— Action item —
Your answer must be the lines from the one holding "Learning Support Classrooms" through the final line of the entries below, copied exactly, with no pictures.

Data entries
Content starts

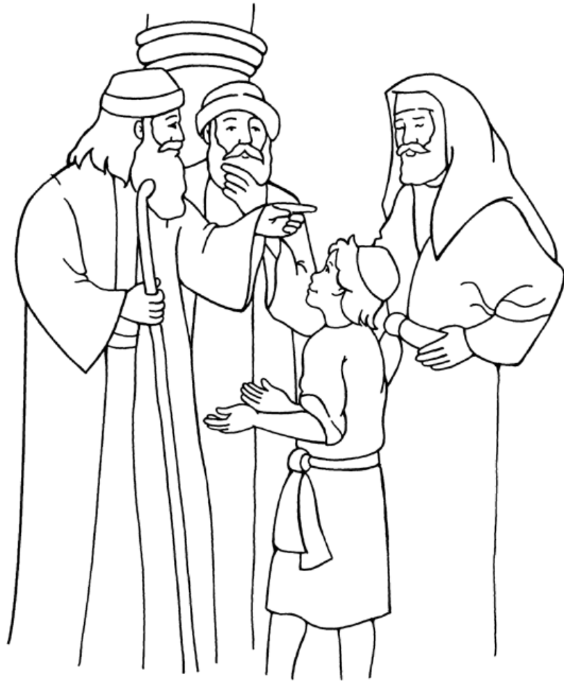
Jesus in the Temple Luke 2

From Thru-the-Bible Coloring Pages for Ages 4-8. © 1986, 1988 Standard Publishing. Used by permission. Reproducible Coloring Books may be purchased from Standard Publishing, www.standardpub.com .
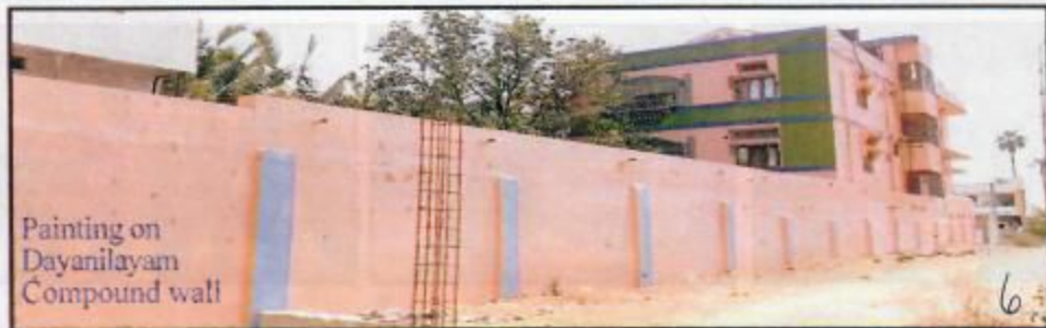
Painting on Dayanilayam Compound wall
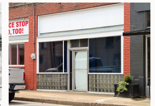
The building today.
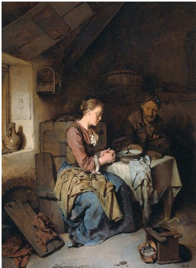
"Saying Grace", Cornelis Pietersz Bega, 1663
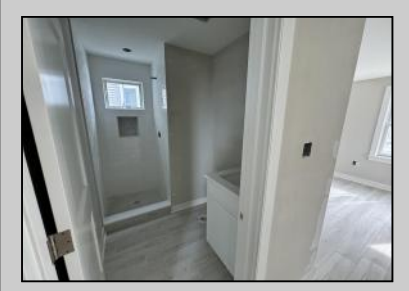
4420 Park Sea Isle City, NJ 08243
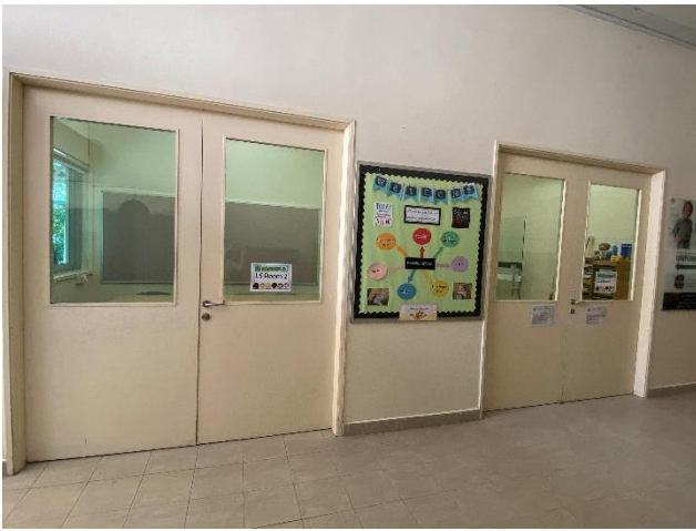
Learning Support Classrooms
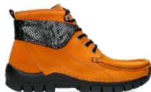
04725 Jump Winter
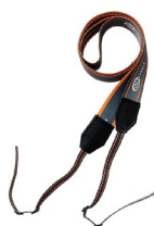
meter strap (type M-1)
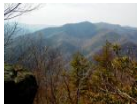
View from Sugarland Mountain Trail
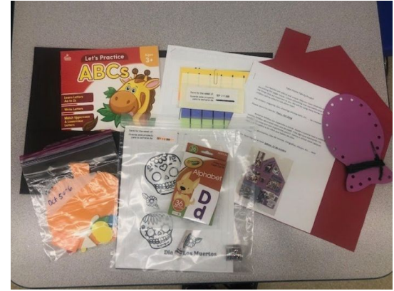
Ms. Cavazos next supply pick up at Harding!
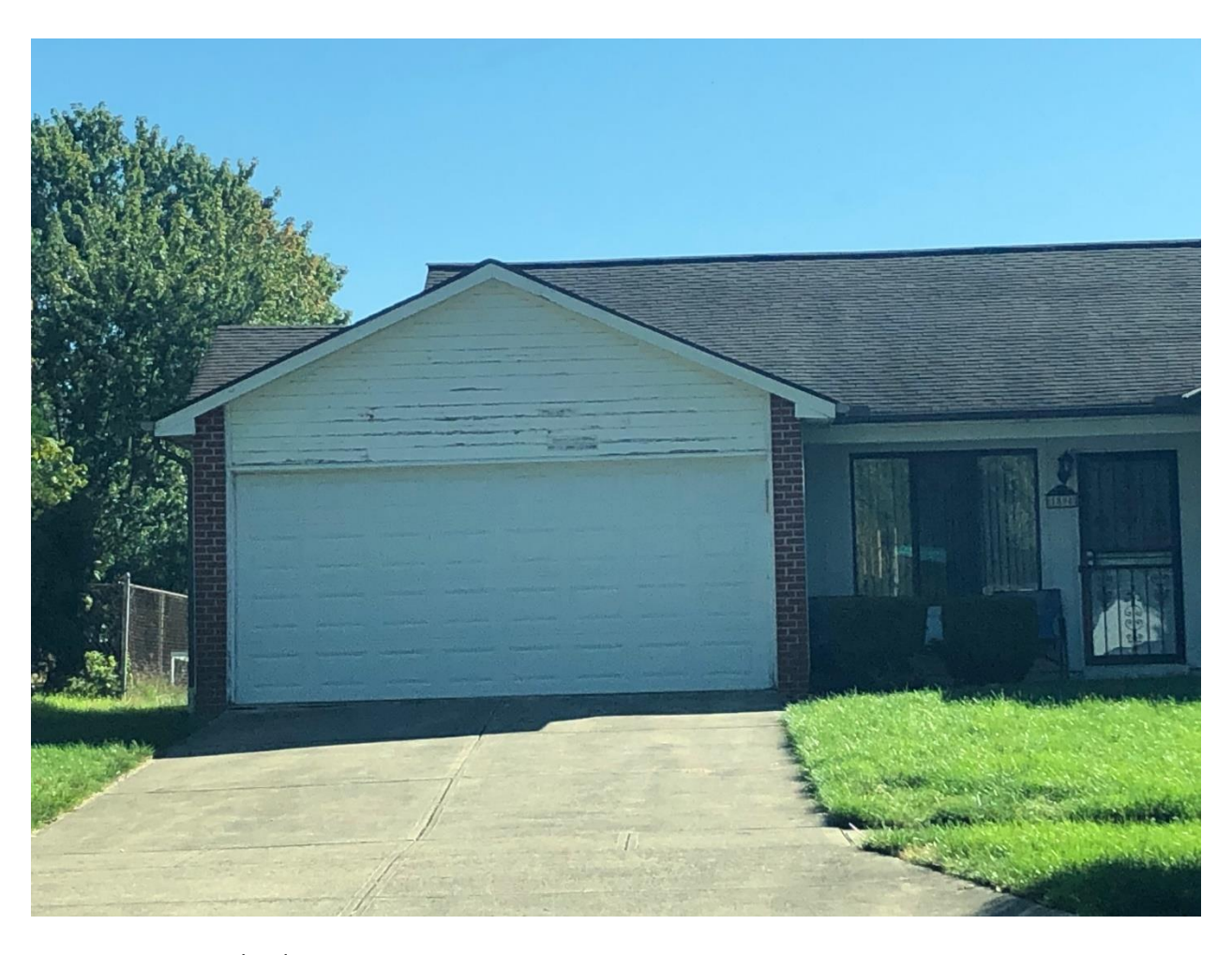
1894 Mountain Oak Rd.
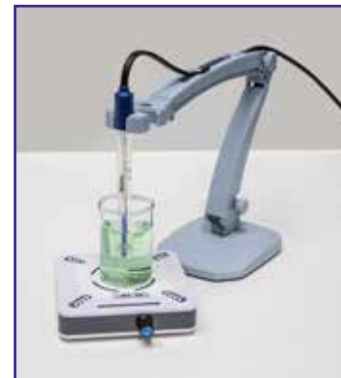
Stand for use on desk (optional) and stirrer ST 10

Content ends

— Task result —
Learning Support Classrooms
04725 Jump Winter
meter strap (type M-1)
View from Sugarland Mountain Trail
Ms. Cavazos next supply pick up at Harding!
1894 Mountain Oak Rd.
Stand for use on desk (optional) and stirrer ST 10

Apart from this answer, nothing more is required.